Supported Sonar Formats
| Format | Extensions | Detection | Nav Extraction |
|---|---|---|---|
| XTF (eXtended Triton Format) | .xtf |
Magic bytes 0x0100 |
PingHeader lat/lon fields |
| JSF (EdgeTech) | .jsf |
Magic bytes 0x1616 |
NMEA from message type 80 |
| Kongsberg .all | .all |
Magic bytes 0x49 |
- |
| Kongsberg KMALL | .kmall |
Magic bytes 0x4B4D |
- |
| Reson S7K | .s7k |
Extension | - |
| BAG (Bathymetric Attributed Grid) | .bag |
Extension | - |
| SEG-Y | .sgy, .segy |
Extension | - |
| Humminbird | .db |
Extension | - |
| Lowrance | .sl2, .sl3 |
Extension | - |
| Raw | .raw |
Extension | - |
| Custom | configurable | Magic bytes + extension | Via plugin |
Add custom formats at runtime:
sonar-catalog add-magic-byte sample.myformat --format-name my_sonar --length 4
Installation
# Minimal (SQLite only, no external dependencies)
pip install .
# With all optional features
pip install ".[all]"
# Individual extras
pip install ".[web]" # Flask web UI + CesiumJS globe
pip install ".[blake3]" # BLAKE3 hashing (faster than SHA-256)
pip install ".[postgres]" # PostgreSQL backend
pip install ".[magic]" # python-magic MIME detection
# Development
pip install -e ".[dev,all]"
Zero required dependencies. The core runs on Python 3.10+ stdlib only (sqlite3, hashlib, subprocess, socket).
Quick Start
# Initialize the database
sonar-catalog init
# Option A: Crawl a real NFS mount
sonar-catalog crawl /mnt/sonar-nas-01
# Option B: Load synthetic demo data (no real sonar files needed)
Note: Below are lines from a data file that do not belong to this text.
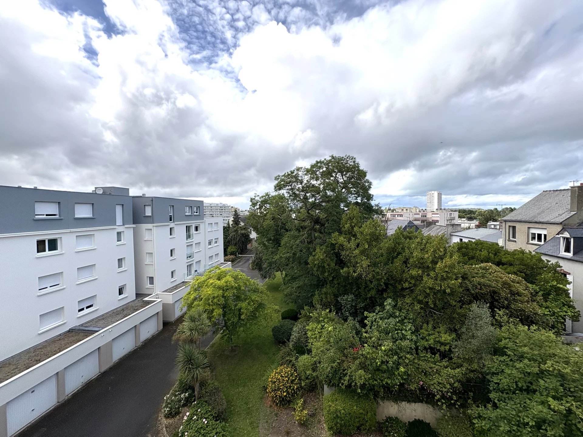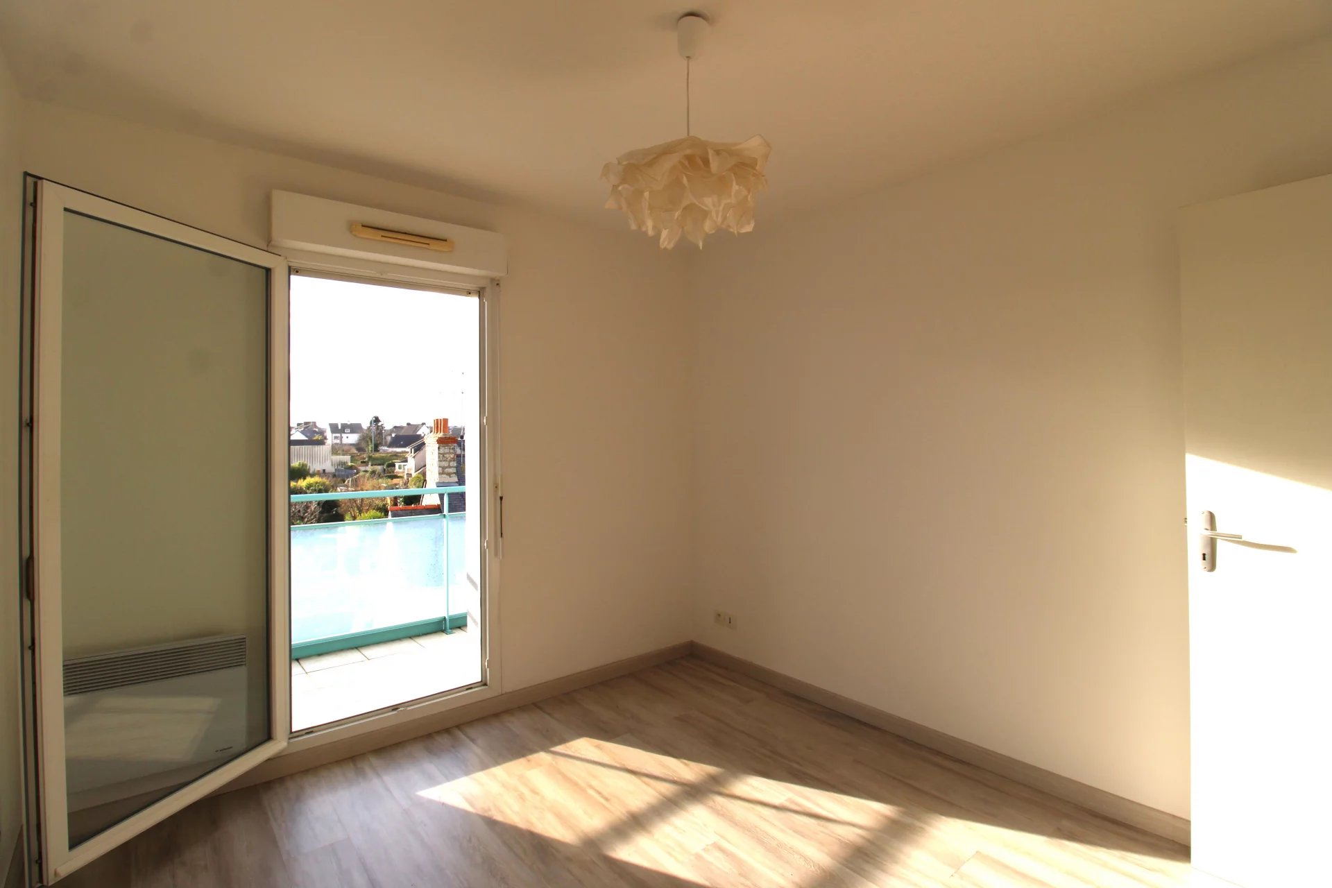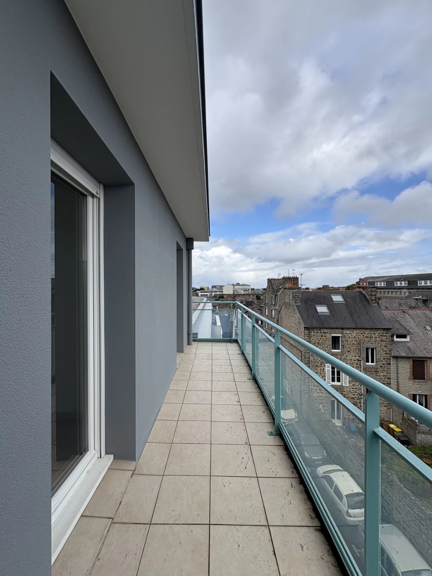 ST BRIEUC, proche centre, dans résidence de 2002 avec ascenseur, appartement 5 P. duplex comprenant : entrée avec placard, séjour salon largement vitré sur balcon - terrasse sud, cuisine équipée, 3 chambres, salle de bains, salle d'eau, W.C. - garage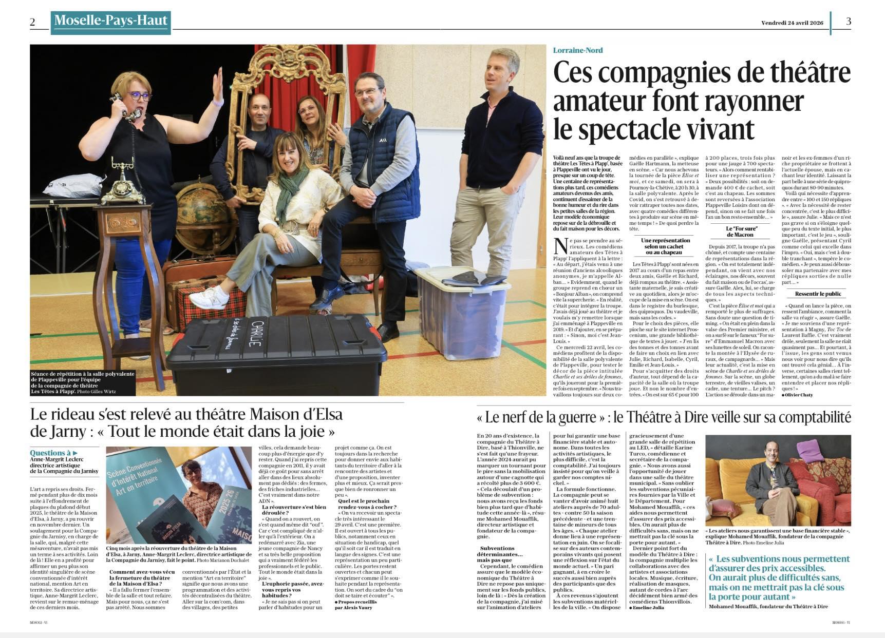 "Ce mercredi 22 avril, les comédiens profitent de la disponibilité de la salle polyvalente de Plappeville, pour tester le décor de la pièce intitulée Charlie et ses drôles de femmes, qu’ils joueront pour la première fois en septembre."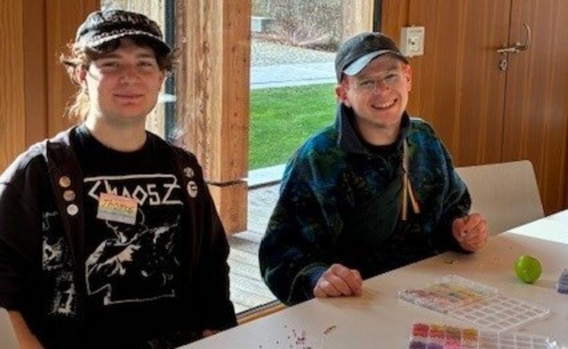 Zwei Mitglieder des AStA und StuPa Paderborn beim Kettchen basteln. Foto: katho Paderborn/Larissa Rieke-Nutz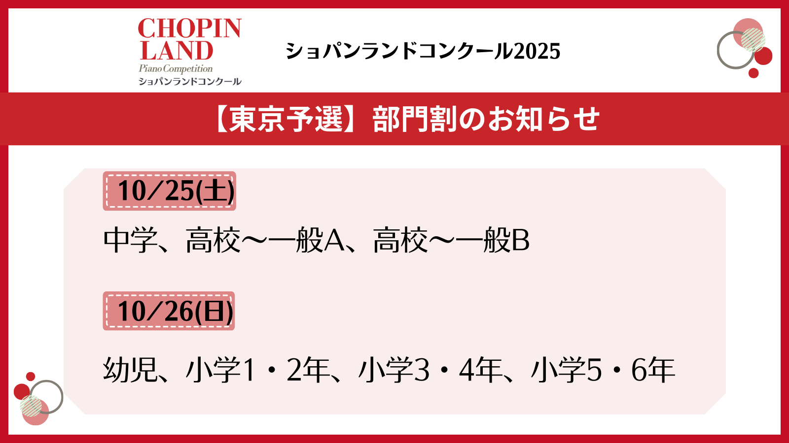 東京予選の部門ごとの日程を公開いたしました。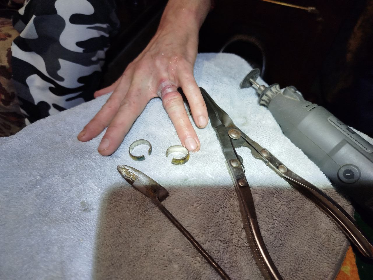 «Прибыв по указанному адресу, спасатели, используя специальный слесарный инструмент, аккуратно сняли кольца с руки мужчины», - сообщили в пресс-службе ГУ «ППСЦ».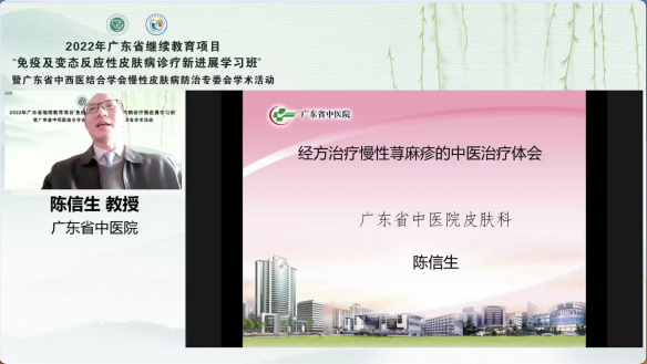 廣東省中醫(yī)院皮膚科主任、廣東省中西醫(yī)結合學會慢性皮膚病防治專委會副主委陳信生教授為我們講解了《經(jīng)方治療慢性病蕁麻疹的中醫(yī)治療體會》。慢性蕁麻疹是一種常見的變態(tài)反應性皮膚病,通過陳教授的講座學員們了解到,除了目前傳統(tǒng)的抗過敏治療外,中醫(yī)經(jīng)方治療亦可以對慢性蕁麻疹起到理想療效。

sonar-catalog demo --num-files 100
# Extract navigation tracks from cataloged files
sonar-catalog extract-nav
# Explore
sonar-catalog stats
sonar-catalog search "line_001"
sonar-catalog dupes
sonar-catalog where <content_hash>
# Start the web UI
sonar-catalog web --port 8080
# Open http://localhost:8080 (search)
# Open http://localhost:8080/globe (3D globe)
Auto-Discovery Mode
# Discover all NFS hosts on the network, then crawl everything
sonar-catalog discover --deep
sonar-catalog crawl-all
CLI Reference
| Command | Description |
|---|---|
init |
Initialize database and config |
discover |
Discover NFS hosts and mounts on the network |
crawl <path> |
Crawl and catalog a directory |
crawl-all |
Discover and crawl all accessible hosts |
search |
Search the catalog (supports FTS5) |
dupes |
Find duplicate files across servers |
where <hash> |
Show all locations for a file by content hash |
stats |
Show catalog statistics |
hosts |
List discovered hosts |
extract-nav |
Extract navigation data from cataloged sonar files |
export |
Export data to CSV, GeoJSON, or JSON |
demo |
Load synthetic demo data for exploring the UI |
plugins list |
List installed plugins and their hooks |
plugins enable/disable <name> |
Enable or disable a plugin |
add-magic-byte <file> |
Learn a new format's magic bytes from a sample file |
list-magic-bytes |
Show all registered magic byte signatures |
rebuild-index |
Rebuild the FTS5 search index |
config |
Show current configuration as JSON |
web |
Start the Flask web interface |
Configuration
Configuration lives at ~/.config/sonar-catalog/config.json. All fields are optional — defaults work out of the box.
{
"database": {
"backend": "sqlite",
"sqlite_path": "~/.local/share/sonar-catalog/catalog.db"
},
"discovery": {
"ssh_user": "survey",
"ssh_timeout": 3,
"hostname_patterns": ["sonar-*", "nas-*"],
"use_autofs": true,
"use_showmount": true
},
"crawler": {
"hash_algorithm": "blake3",
"partial_hash_size": 4194304,
"hash_workers": 4,
"batch_size": 1000,
"incremental": true
},
"metadata": {
"sonar_extensions": [".xtf", ".jsf", ".s7k", ".all", ".kmall", ".bag"],
"nav_extraction": {
"enabled": true,
"max_track_points": 1000,
"sidecar_patterns": [
{
"pattern": "{stem}.nav",
"format": "csv",
"lat_field": "lat",
"lon_field": "lon"
}
]
}
},
"plugins": {
"disabled_plugins": []
}
}
Project Structure
sonar_catalog/
__init__.py
cli.py # CLI entry point (18 subcommands)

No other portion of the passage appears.